Start of THE INPUT

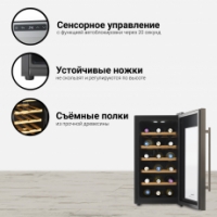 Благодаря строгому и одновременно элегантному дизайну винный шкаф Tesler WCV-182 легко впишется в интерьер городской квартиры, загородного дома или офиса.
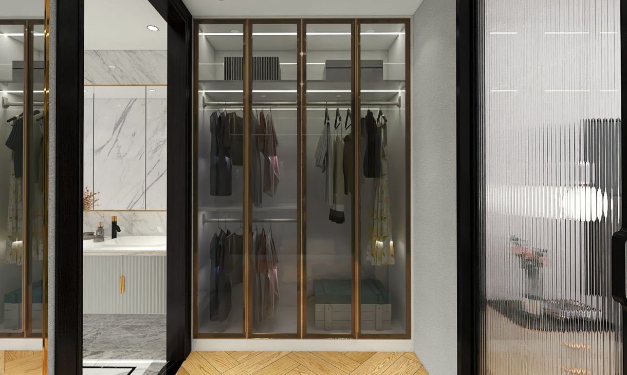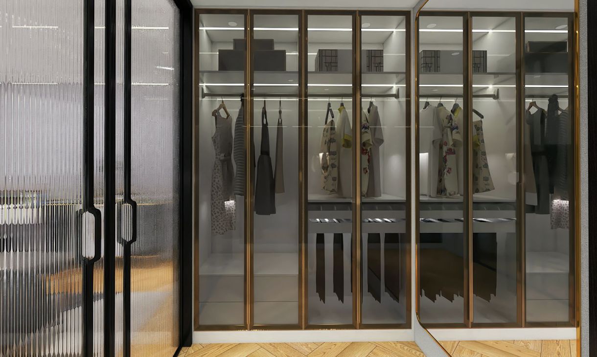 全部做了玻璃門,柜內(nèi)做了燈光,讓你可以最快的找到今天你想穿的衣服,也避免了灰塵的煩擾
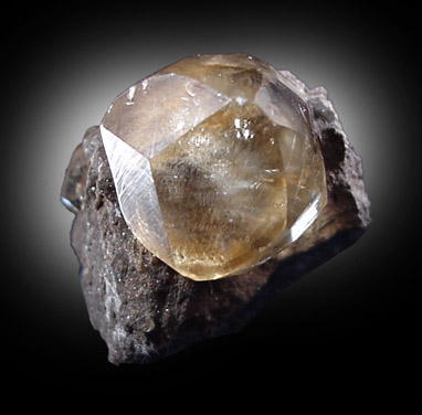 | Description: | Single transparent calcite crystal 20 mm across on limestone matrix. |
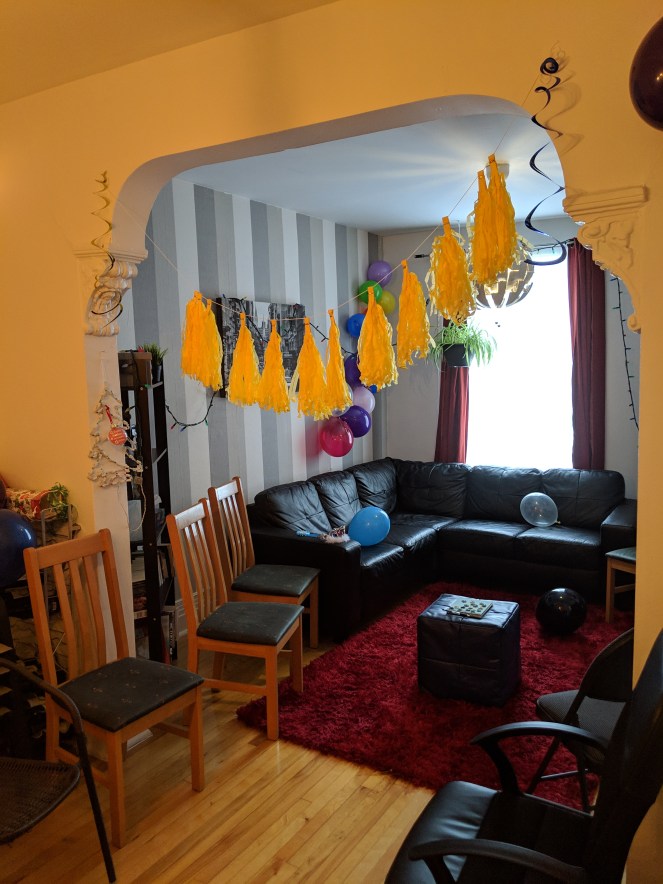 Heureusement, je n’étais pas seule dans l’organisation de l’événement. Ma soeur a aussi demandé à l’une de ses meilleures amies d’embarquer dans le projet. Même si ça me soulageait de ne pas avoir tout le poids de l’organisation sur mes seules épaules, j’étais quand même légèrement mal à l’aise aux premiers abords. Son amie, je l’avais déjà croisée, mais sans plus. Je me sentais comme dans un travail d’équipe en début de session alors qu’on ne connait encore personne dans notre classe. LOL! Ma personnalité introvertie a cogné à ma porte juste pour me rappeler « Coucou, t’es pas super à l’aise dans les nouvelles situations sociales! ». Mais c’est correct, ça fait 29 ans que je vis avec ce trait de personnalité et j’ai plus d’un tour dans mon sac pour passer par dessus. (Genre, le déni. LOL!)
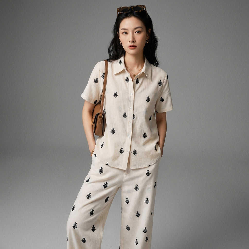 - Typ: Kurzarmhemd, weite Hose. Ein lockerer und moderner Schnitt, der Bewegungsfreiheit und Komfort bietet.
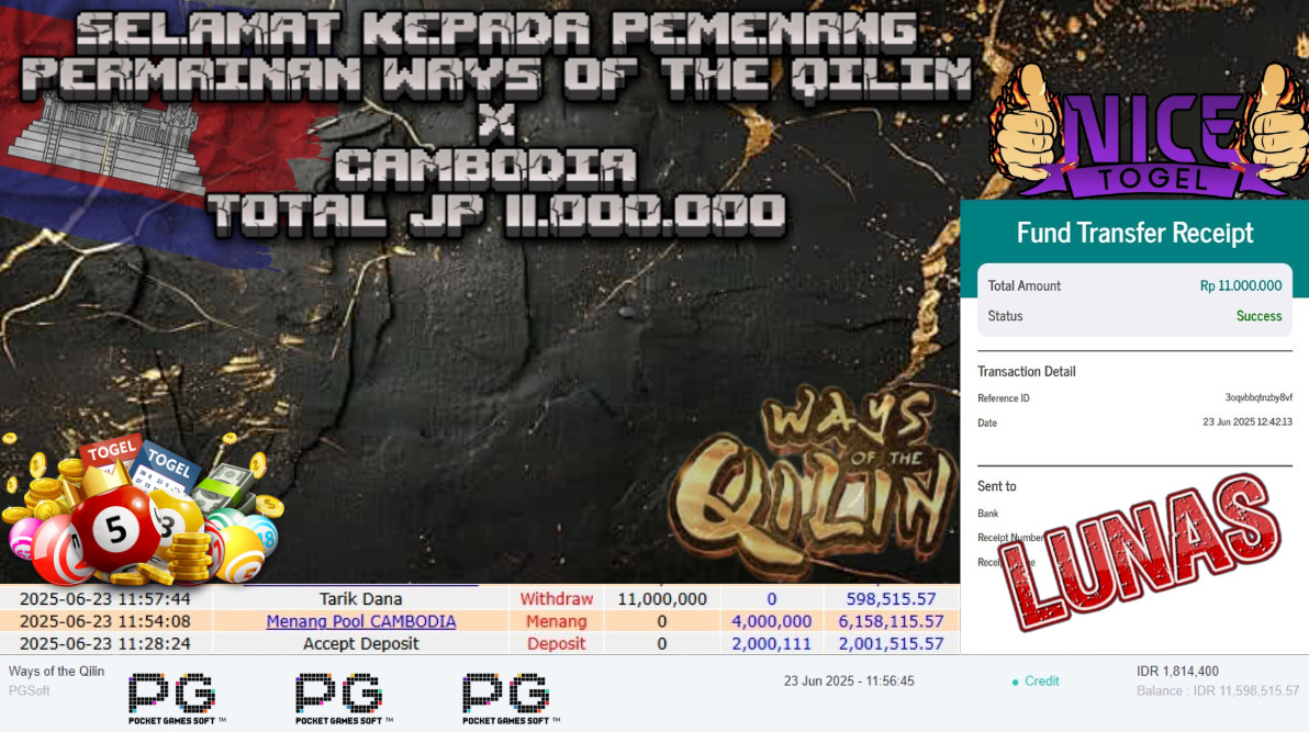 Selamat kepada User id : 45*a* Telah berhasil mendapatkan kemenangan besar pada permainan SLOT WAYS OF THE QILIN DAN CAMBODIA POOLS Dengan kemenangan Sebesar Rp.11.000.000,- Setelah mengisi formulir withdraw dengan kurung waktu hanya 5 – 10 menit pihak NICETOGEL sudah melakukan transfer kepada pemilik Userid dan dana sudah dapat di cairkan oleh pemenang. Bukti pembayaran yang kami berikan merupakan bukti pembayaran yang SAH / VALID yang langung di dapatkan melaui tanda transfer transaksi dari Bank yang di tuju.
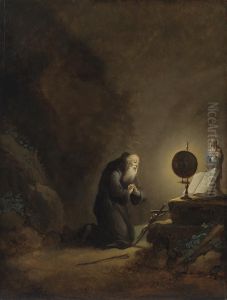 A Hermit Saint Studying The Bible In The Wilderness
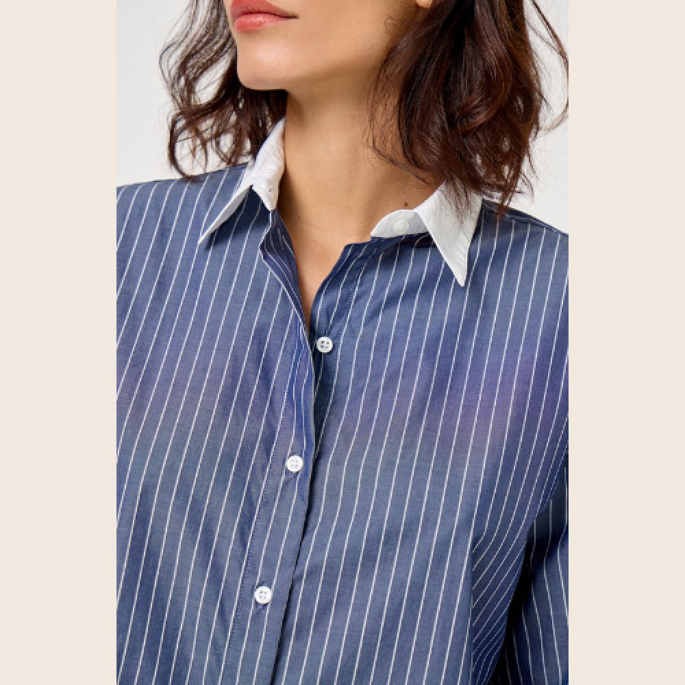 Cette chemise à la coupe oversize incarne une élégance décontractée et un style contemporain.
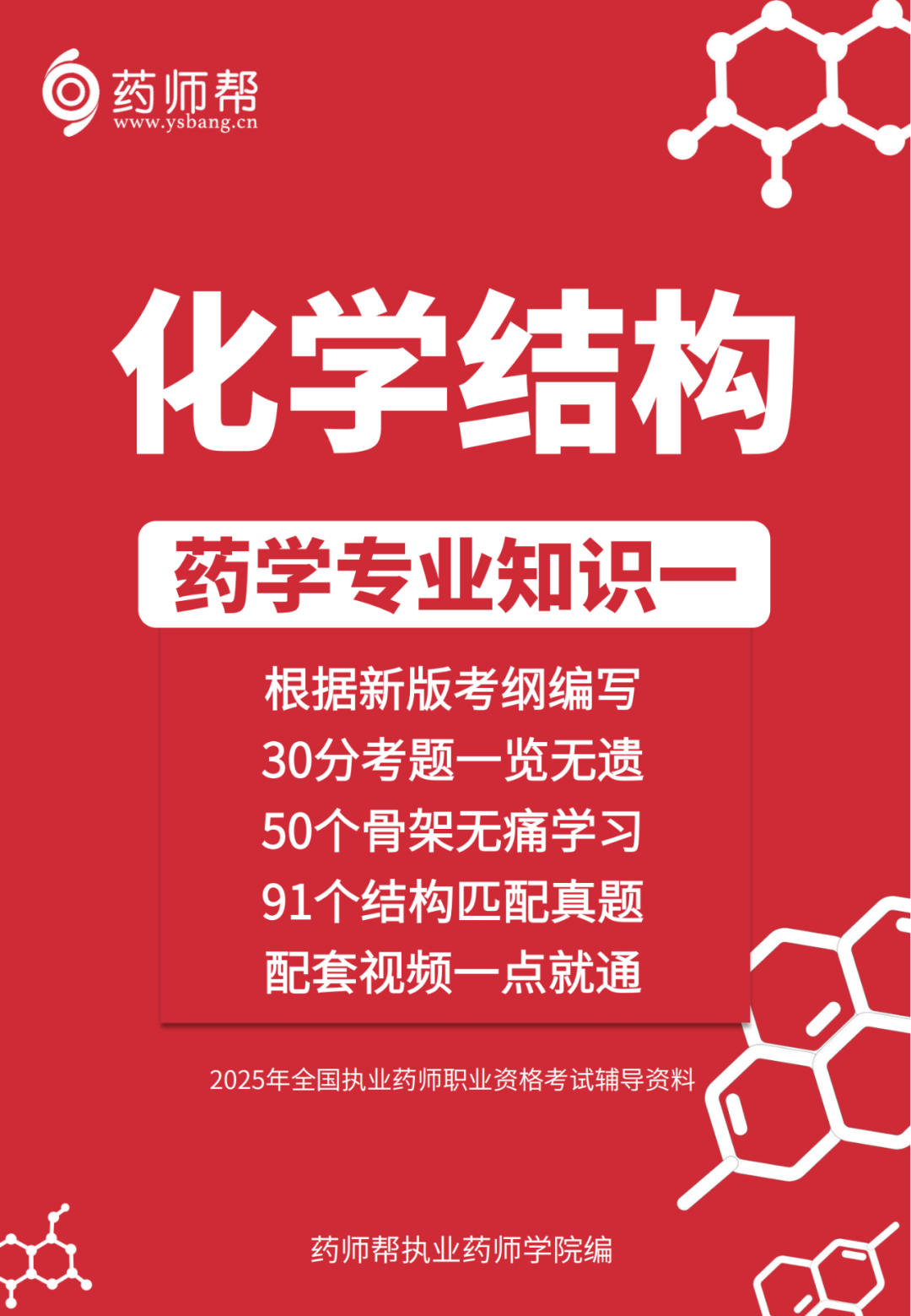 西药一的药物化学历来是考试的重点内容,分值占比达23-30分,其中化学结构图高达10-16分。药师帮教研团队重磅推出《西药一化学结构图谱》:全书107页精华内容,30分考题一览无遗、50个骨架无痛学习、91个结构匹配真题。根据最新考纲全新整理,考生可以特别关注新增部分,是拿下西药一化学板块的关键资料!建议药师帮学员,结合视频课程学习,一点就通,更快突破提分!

End of THE INPUT

From the first line of the records through the line with "limestone matrix. |", reproduce each line exactly and leave the pictures out.

■ RESULT FOR THIS EXERCISE:
 Благодаря строгому и одновременно элегантному дизайну винный шкаф Tesler WCV-182 легко впишется в интерьер городской квартиры, загородного дома или офиса.
 全部做了玻璃門,柜內(nèi)做了燈光,讓你可以最快的找到今天你想穿的衣服,也避免了灰塵的煩擾
 | Description: | Single transparent calcite crystal 20 mm across on limestone matrix. |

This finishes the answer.